Problem details -
Further down are entries; set down exactly and only the lines from the one with "Grâce à ses" up to and including the one with "Use Captional to", dropping each picture.

Data -
# # # #
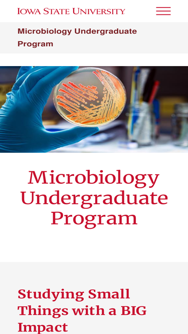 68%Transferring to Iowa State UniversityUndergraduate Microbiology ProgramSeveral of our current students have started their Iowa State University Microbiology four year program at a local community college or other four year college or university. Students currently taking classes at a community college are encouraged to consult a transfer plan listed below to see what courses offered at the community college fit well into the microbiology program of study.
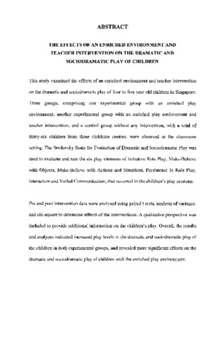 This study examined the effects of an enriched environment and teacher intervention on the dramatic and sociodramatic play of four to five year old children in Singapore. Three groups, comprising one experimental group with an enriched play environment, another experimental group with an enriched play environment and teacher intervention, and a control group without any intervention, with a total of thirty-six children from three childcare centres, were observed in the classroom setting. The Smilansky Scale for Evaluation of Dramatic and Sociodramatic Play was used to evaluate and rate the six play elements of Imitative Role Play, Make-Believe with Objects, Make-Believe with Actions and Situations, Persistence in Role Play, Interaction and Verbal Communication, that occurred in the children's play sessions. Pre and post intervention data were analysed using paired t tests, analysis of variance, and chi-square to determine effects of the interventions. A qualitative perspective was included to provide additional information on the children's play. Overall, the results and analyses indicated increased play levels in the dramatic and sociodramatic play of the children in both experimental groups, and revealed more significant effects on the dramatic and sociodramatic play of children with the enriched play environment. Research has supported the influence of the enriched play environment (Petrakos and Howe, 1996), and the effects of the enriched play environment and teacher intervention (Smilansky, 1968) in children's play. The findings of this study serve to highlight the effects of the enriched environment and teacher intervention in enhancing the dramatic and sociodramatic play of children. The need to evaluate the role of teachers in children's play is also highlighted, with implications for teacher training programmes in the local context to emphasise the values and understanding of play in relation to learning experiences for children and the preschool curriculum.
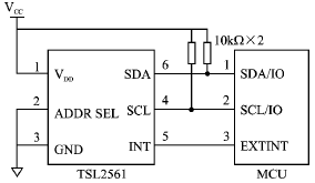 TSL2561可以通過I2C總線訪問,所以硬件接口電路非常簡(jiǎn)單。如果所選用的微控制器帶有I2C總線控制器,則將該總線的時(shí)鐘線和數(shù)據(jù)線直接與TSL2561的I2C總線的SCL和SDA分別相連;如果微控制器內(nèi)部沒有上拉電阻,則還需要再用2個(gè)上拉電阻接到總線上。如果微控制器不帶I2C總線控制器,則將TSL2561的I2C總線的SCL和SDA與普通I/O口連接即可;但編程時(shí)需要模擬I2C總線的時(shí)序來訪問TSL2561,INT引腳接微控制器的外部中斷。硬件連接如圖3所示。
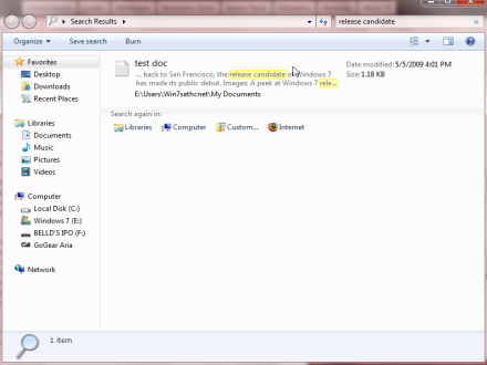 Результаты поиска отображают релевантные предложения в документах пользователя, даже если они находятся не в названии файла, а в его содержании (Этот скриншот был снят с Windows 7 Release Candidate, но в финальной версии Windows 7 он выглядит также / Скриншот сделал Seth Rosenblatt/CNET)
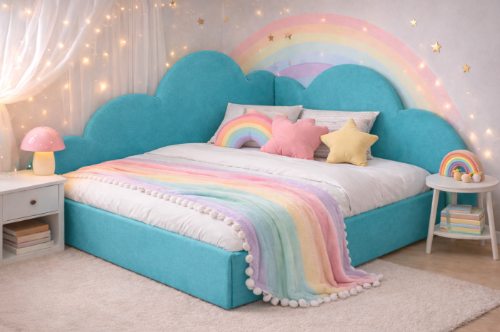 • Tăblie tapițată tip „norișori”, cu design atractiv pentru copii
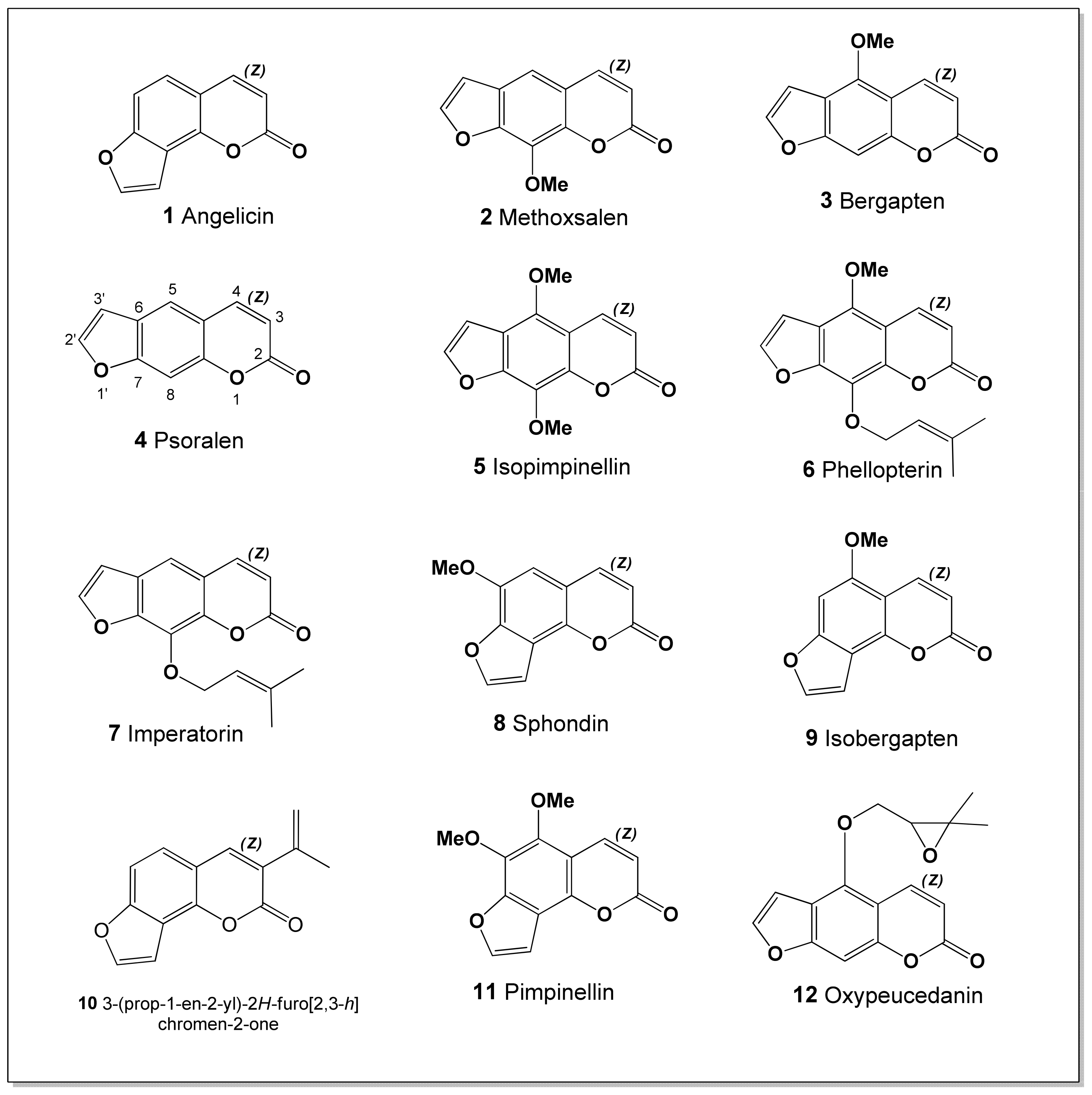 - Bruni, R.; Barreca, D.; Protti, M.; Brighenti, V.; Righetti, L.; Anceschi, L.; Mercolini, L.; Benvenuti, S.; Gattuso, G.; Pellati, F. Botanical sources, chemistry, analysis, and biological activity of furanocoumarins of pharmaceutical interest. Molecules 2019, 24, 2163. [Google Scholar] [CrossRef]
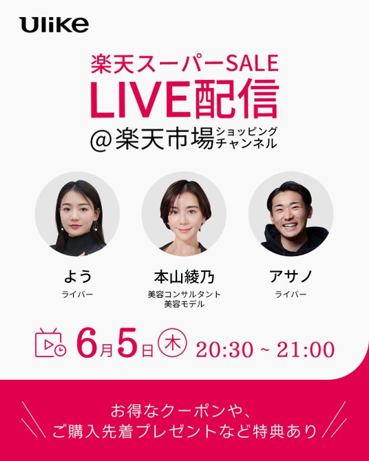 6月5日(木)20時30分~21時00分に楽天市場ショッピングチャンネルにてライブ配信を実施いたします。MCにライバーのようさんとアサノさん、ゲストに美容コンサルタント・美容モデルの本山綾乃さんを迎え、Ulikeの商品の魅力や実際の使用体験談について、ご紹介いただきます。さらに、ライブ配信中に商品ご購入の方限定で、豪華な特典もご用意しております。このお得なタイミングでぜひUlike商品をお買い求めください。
# # # #
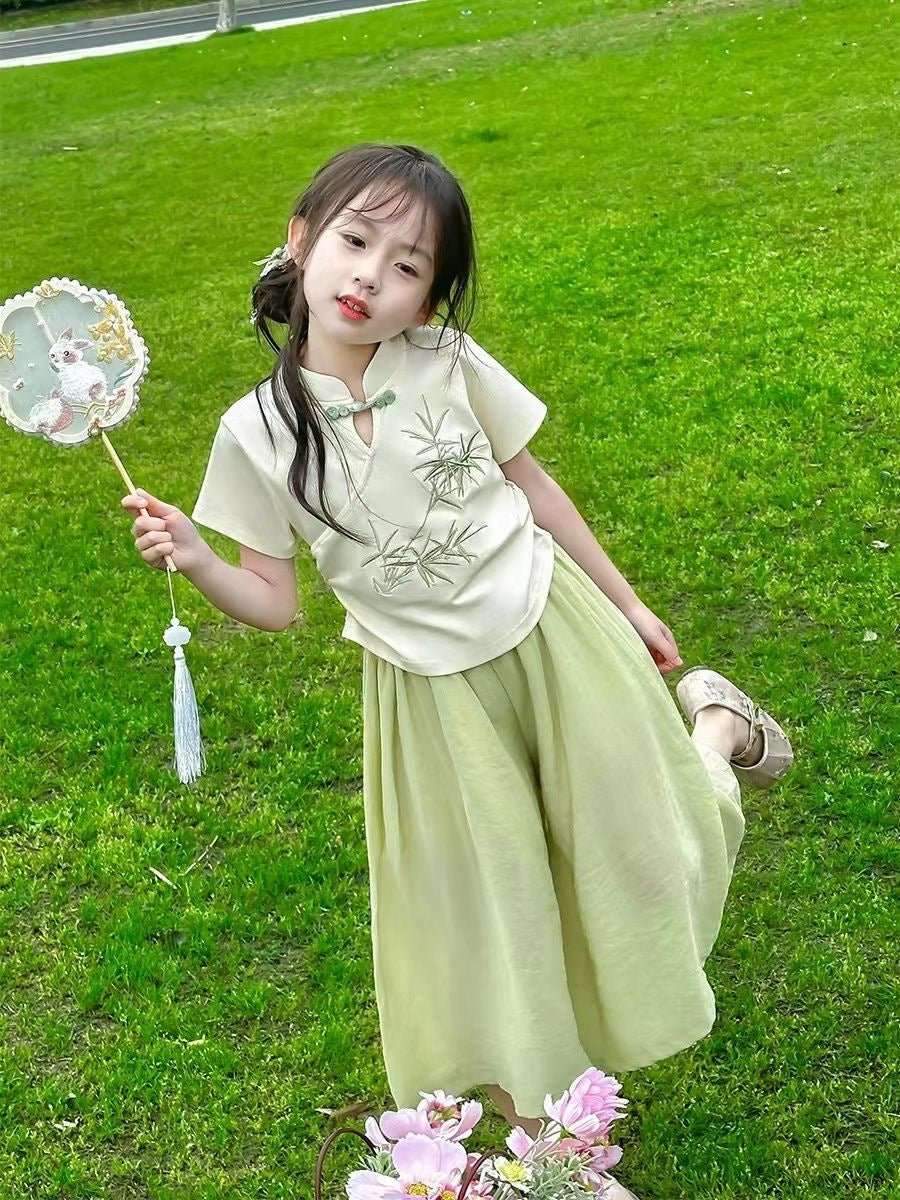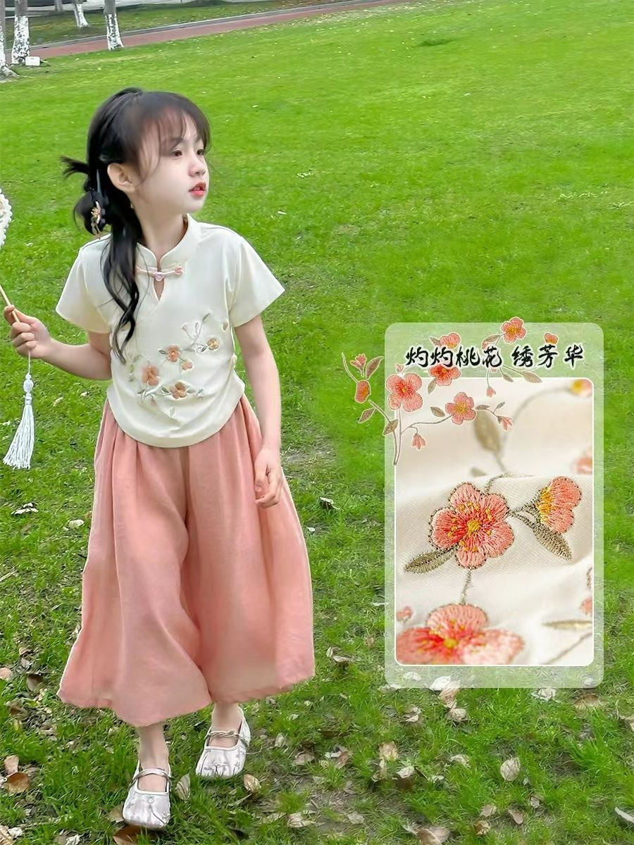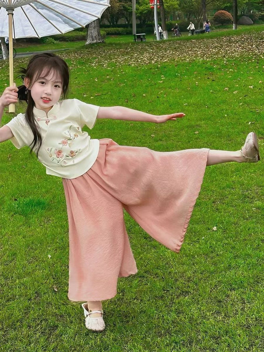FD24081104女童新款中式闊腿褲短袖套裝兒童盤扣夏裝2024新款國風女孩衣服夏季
# # # #
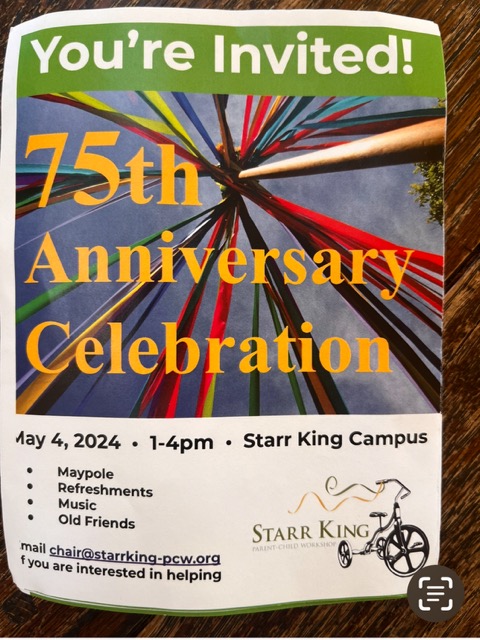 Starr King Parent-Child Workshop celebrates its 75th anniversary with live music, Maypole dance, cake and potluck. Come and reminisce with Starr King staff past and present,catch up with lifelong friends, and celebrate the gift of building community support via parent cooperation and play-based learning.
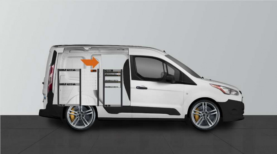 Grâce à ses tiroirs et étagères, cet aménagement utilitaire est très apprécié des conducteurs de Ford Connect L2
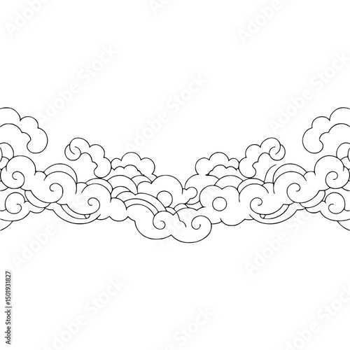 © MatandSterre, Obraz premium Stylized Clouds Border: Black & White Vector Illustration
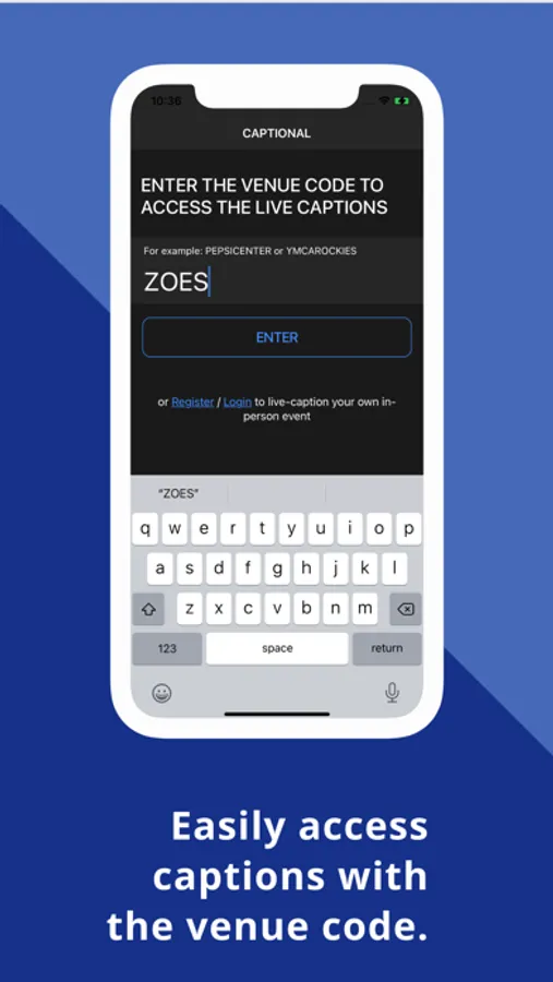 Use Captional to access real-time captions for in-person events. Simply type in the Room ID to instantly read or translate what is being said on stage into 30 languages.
# # # #
Your response -
 Grâce à ses tiroirs et étagères, cet aménagement utilitaire est très apprécié des conducteurs de Ford Connect L2
 © MatandSterre, Obraz premium Stylized Clouds Border: Black & White Vector Illustration
 Use Captional to access real-time captions for in-person events. Simply type in the Room ID to instantly read or translate what is being said on stage into 30 languages.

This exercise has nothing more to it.